__WHAT THE TASK ASKS__
A verbatim copy of the data is wanted, minus any picture in it.

__THE DATA__

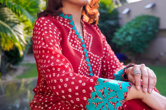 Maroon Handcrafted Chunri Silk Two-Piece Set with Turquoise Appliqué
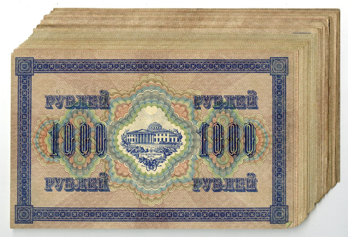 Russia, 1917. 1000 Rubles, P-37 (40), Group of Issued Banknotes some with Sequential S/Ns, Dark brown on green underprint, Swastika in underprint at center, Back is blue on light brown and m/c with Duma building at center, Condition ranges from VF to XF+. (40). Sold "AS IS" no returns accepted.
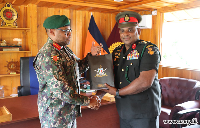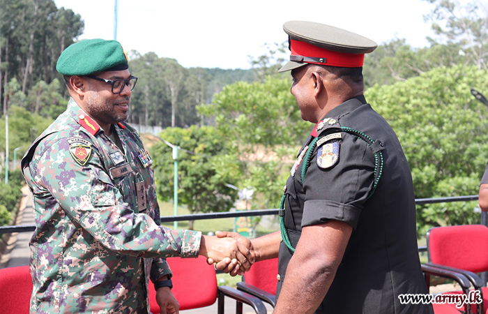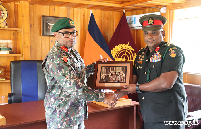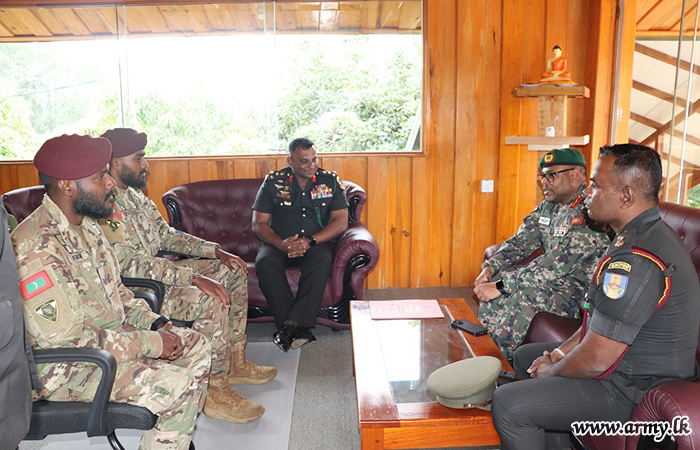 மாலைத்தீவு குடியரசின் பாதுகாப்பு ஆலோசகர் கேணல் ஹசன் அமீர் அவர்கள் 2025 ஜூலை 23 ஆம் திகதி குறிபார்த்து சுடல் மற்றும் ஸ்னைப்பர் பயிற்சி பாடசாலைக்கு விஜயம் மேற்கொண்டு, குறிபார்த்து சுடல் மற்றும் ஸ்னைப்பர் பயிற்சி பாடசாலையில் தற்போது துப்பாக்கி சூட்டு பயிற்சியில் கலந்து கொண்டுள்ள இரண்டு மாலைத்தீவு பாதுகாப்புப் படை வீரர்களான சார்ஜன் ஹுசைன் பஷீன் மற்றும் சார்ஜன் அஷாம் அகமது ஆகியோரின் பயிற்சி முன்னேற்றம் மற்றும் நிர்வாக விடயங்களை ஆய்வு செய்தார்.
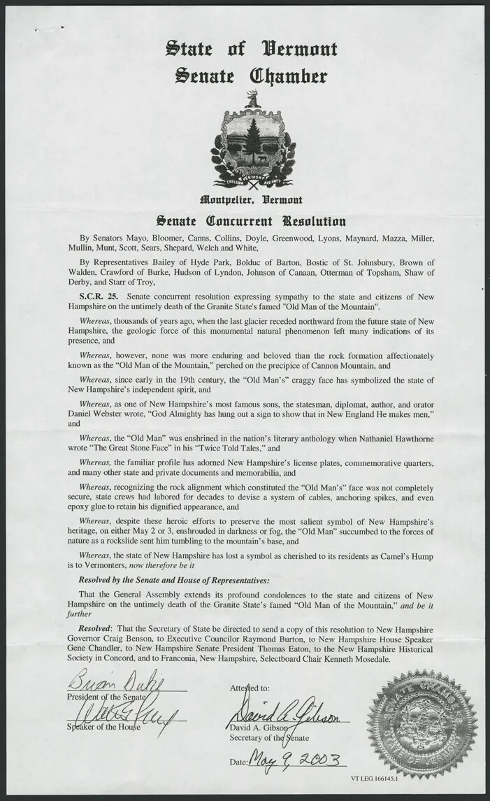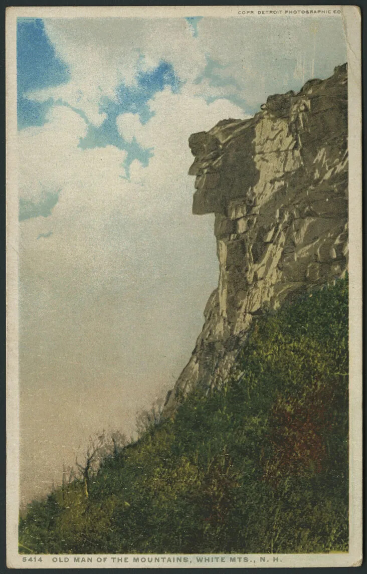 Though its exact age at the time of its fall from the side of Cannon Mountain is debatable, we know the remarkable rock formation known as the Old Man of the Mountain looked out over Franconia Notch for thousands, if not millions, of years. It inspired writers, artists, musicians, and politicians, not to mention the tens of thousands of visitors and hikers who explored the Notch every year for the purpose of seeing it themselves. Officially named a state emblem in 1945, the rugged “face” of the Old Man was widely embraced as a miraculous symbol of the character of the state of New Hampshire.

__FINISHED TASK__
 Maroon Handcrafted Chunri Silk Two-Piece Set with Turquoise Appliqué
 Russia, 1917. 1000 Rubles, P-37 (40), Group of Issued Banknotes some with Sequential S/Ns, Dark brown on green underprint, Swastika in underprint at center, Back is blue on light brown and m/c with Duma building at center, Condition ranges from VF to XF+. (40). Sold "AS IS" no returns accepted.
 மாலைத்தீவு குடியரசின் பாதுகாப்பு ஆலோசகர் கேணல் ஹசன் அமீர் அவர்கள் 2025 ஜூலை 23 ஆம் திகதி குறிபார்த்து சுடல் மற்றும் ஸ்னைப்பர் பயிற்சி பாடசாலைக்கு விஜயம் மேற்கொண்டு, குறிபார்த்து சுடல் மற்றும் ஸ்னைப்பர் பயிற்சி பாடசாலையில் தற்போது துப்பாக்கி சூட்டு பயிற்சியில் கலந்து கொண்டுள்ள இரண்டு மாலைத்தீவு பாதுகாப்புப் படை வீரர்களான சார்ஜன் ஹுசைன் பஷீன் மற்றும் சார்ஜன் அஷாம் அகமது ஆகியோரின் பயிற்சி முன்னேற்றம் மற்றும் நிர்வாக விடயங்களை ஆய்வு செய்தார்.
 Though its exact age at the time of its fall from the side of Cannon Mountain is debatable, we know the remarkable rock formation known as the Old Man of the Mountain looked out over Franconia Notch for thousands, if not millions, of years. It inspired writers, artists, musicians, and politicians, not to mention the tens of thousands of visitors and hikers who explored the Notch every year for the purpose of seeing it themselves. Officially named a state emblem in 1945, the rugged “face” of the Old Man was widely embraced as a miraculous symbol of the character of the state of New Hampshire.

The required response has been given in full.